When I was a baby reporter, I was shocked to learn The Daily — which delivers incredible community reporting — is made entirely of a group of (well-trained) college students hooked together by a massive Slack, many email chains, a workflow manager with animated confetti and a lot of passion and hard work. The Daily, in all its glory, is nothing without the people who care to make it happen.
Joining The Daily is inherently temporary. It’s a four-year timeframe, max. I tried to make the most of my time here, doing everything from copy to arts and entertainment to managing roles. Of course I learned a lot, but unsurprisingly, working in whatever position wasn’t what made me feel fulfilled. It was the people I met and loved. Cliche, I know.
We feasted on vending machine snacks in the dead of night and went through an insane amount of Dum Dums. We shivered in the cold to get footage of community events, we queued for countless theatre performances to cover and we met at cafes to chip away at draft after draft after draft. The halls of the newsroom have heard me pour my heart out to friends between edit rounds. Even the long walk from the newsroom in Norris University Center to our dorms at 2 a.m. some nights felt more like an adventure when we were together.

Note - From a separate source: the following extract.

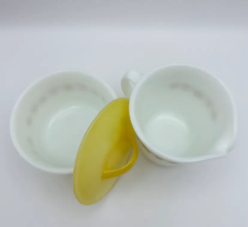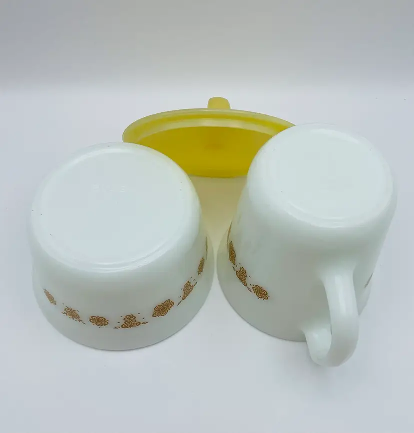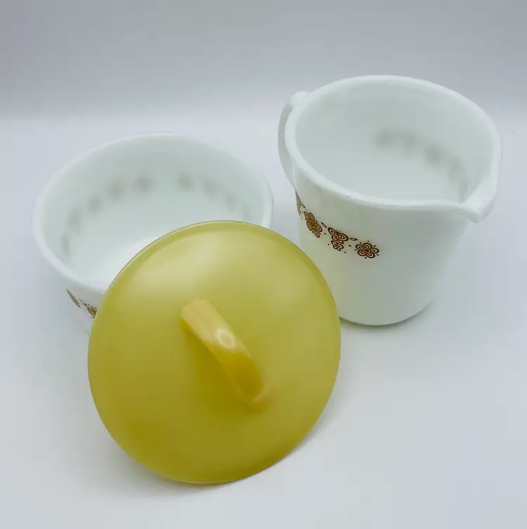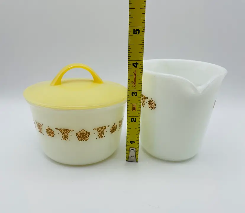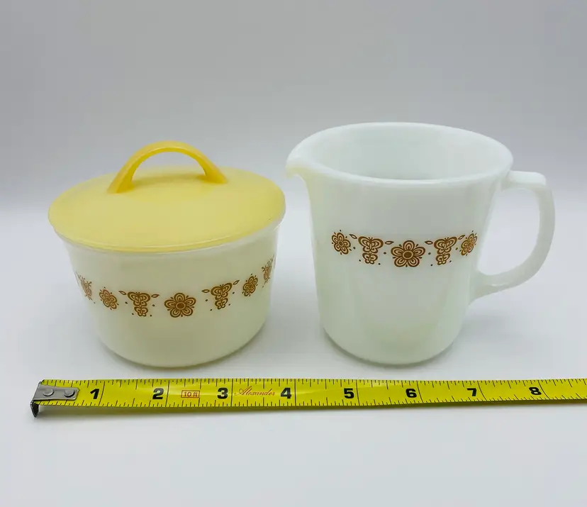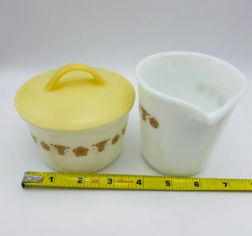 Vintage, Pyrex, Corning, NY USA, Gold “Butterfly” Pattern, Creamer & Covered Sugar Bowl. Nice Condition! Please see pictures for measurements.

Good people make good content. When The Daily works as a team, it’s beautiful. From the editors above that pitched in to help, to the hardworking assistants making things happen, to the devos that rose ranks, to all the reporters contributing quality reporting, to the communities we cover — it was always about the people.
My loved ones, in and outside of The Daily, kept me going. Keep people close to you and lean on them. Because while everything around you changes, they’re the one cherished constant.
The inside jokes scribbled on the whiteboards will get wiped away, and the purple couches outside the newsroom have been replaced. Each new round of editors adds to the mess of paper tacked onto the wall and tweaks the decor. Even the edit board masthead changes quarter after quarter, people coming and going and graduating and moving on. Being just a blip in The Daily’s history feels like it meant something big, despite the impermanence.
It was hard leaving The Daily. Even after swearing I was “retired” after my junior year, I returned in the fall as a video assistant to spend time with a close friend who was about to graduate early. The Daily has a unique pull, and the people who commit their time have a dedication like no other — just look at how many senior reflections are in this graduation issue.